### Your objective
Return exactly the lines of the data below, from the one that contains "Antique ROYAL CROWN" through the final line, and leave out every picture.

### Excerpts from a dataset
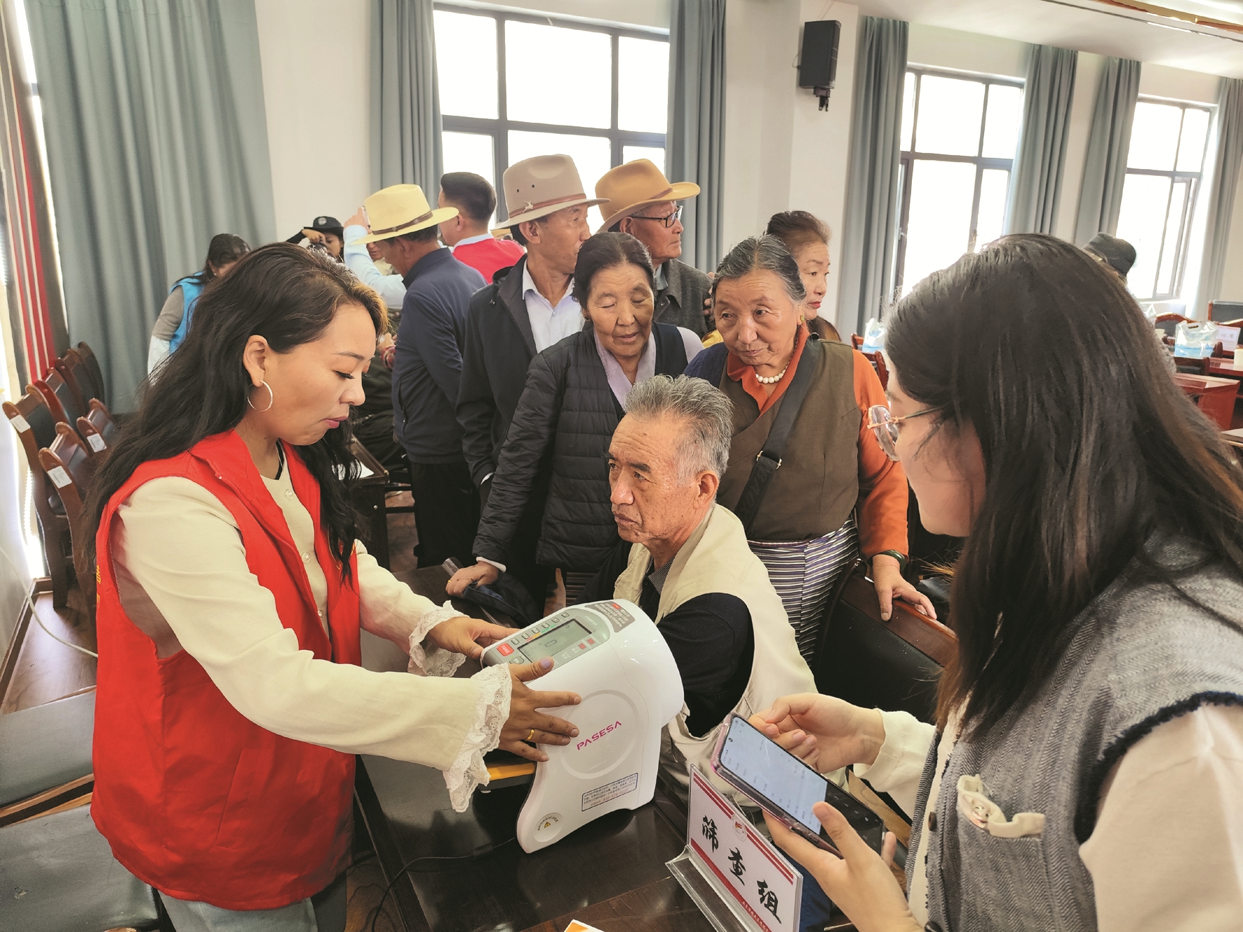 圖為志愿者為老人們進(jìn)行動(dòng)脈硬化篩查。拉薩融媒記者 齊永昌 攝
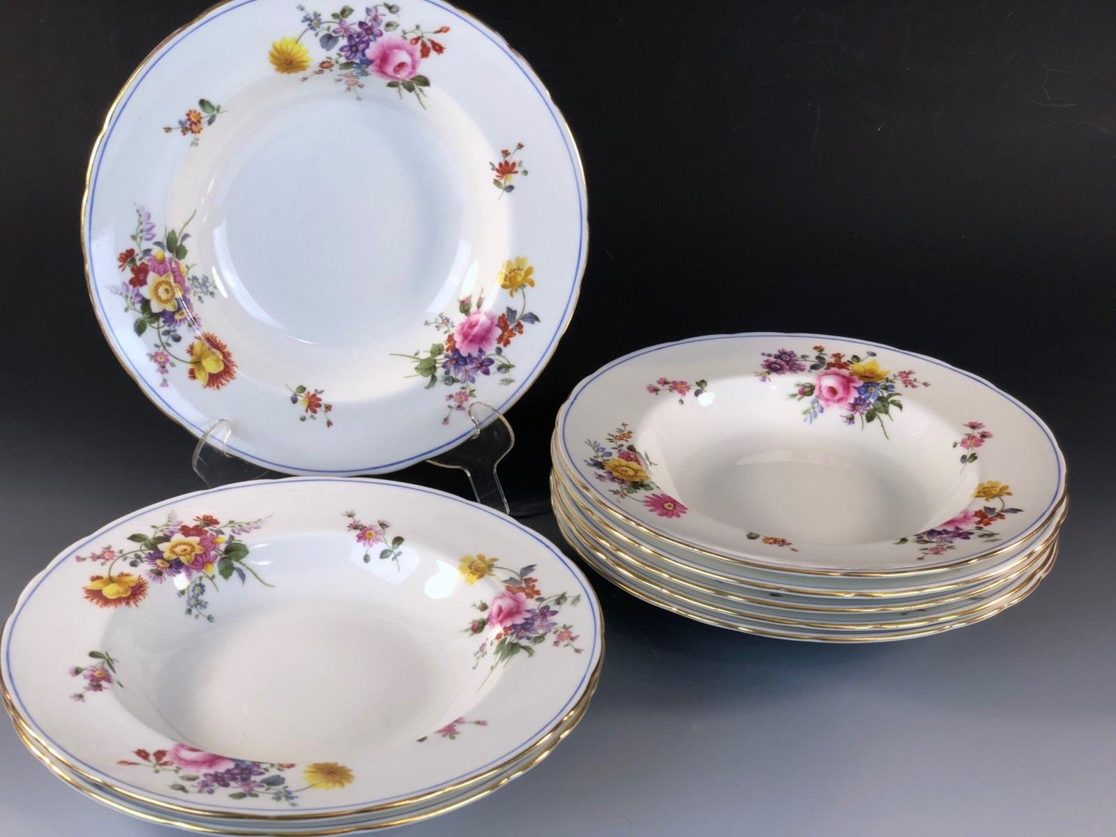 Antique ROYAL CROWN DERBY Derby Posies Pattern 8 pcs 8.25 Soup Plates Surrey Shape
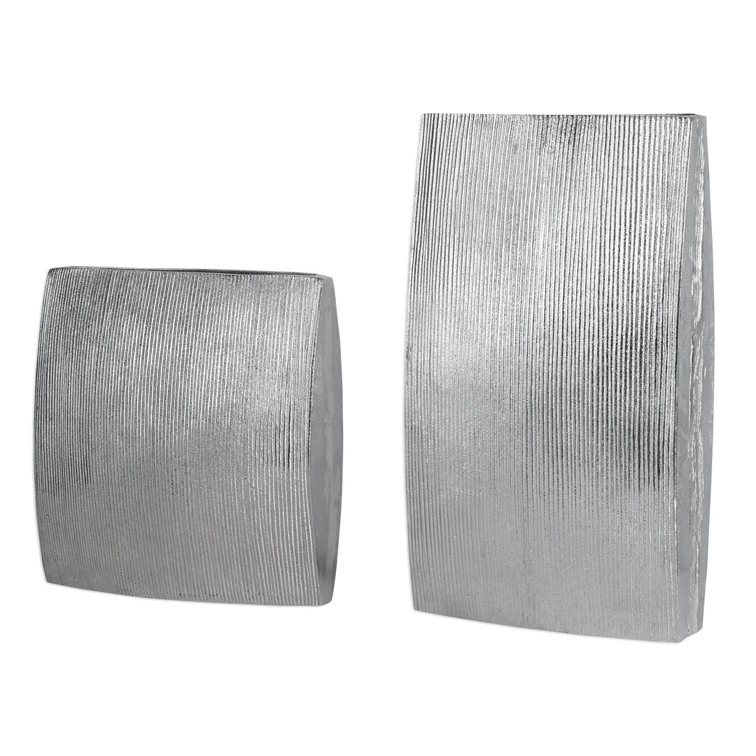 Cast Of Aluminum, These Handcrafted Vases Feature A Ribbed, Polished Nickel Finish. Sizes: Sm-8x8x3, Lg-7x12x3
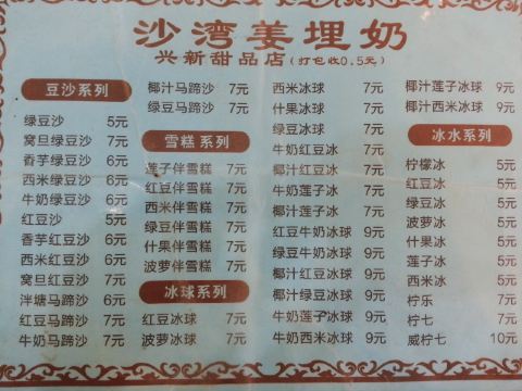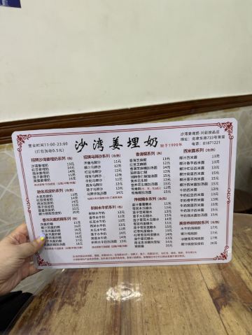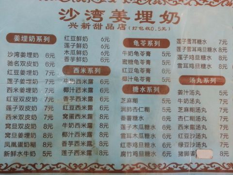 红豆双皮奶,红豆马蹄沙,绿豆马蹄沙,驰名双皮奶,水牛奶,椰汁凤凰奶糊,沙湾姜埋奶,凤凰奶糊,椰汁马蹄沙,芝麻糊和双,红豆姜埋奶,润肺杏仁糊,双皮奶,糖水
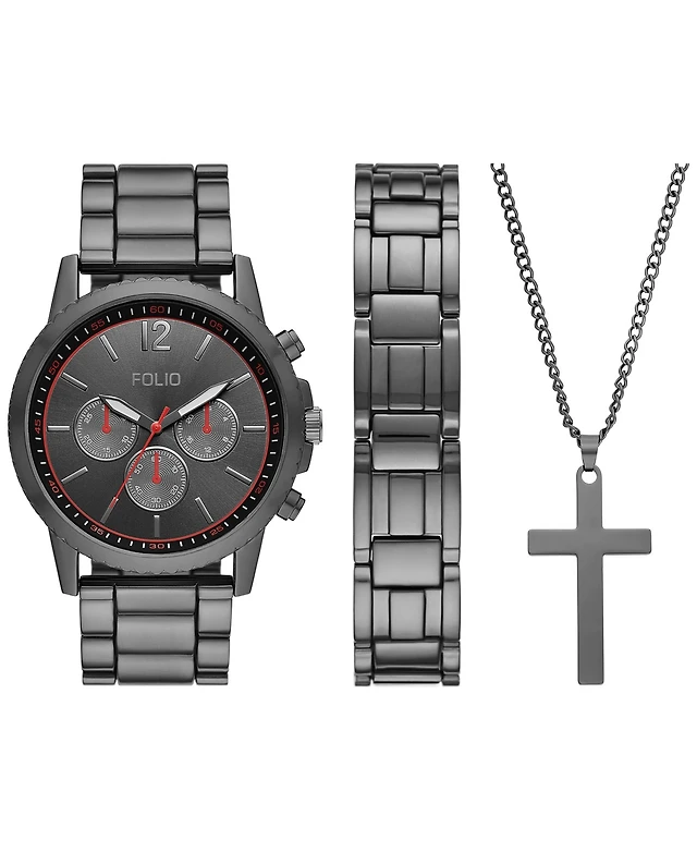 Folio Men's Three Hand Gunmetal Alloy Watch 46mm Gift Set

### Exercise response
 Antique ROYAL CROWN DERBY Derby Posies Pattern 8 pcs 8.25 Soup Plates Surrey Shape
 Cast Of Aluminum, These Handcrafted Vases Feature A Ribbed, Polished Nickel Finish. Sizes: Sm-8x8x3, Lg-7x12x3
 红豆双皮奶,红豆马蹄沙,绿豆马蹄沙,驰名双皮奶,水牛奶,椰汁凤凰奶糊,沙湾姜埋奶,凤凰奶糊,椰汁马蹄沙,芝麻糊和双,红豆姜埋奶,润肺杏仁糊,双皮奶,糖水
 Folio Men's Three Hand Gunmetal Alloy Watch 46mm Gift Set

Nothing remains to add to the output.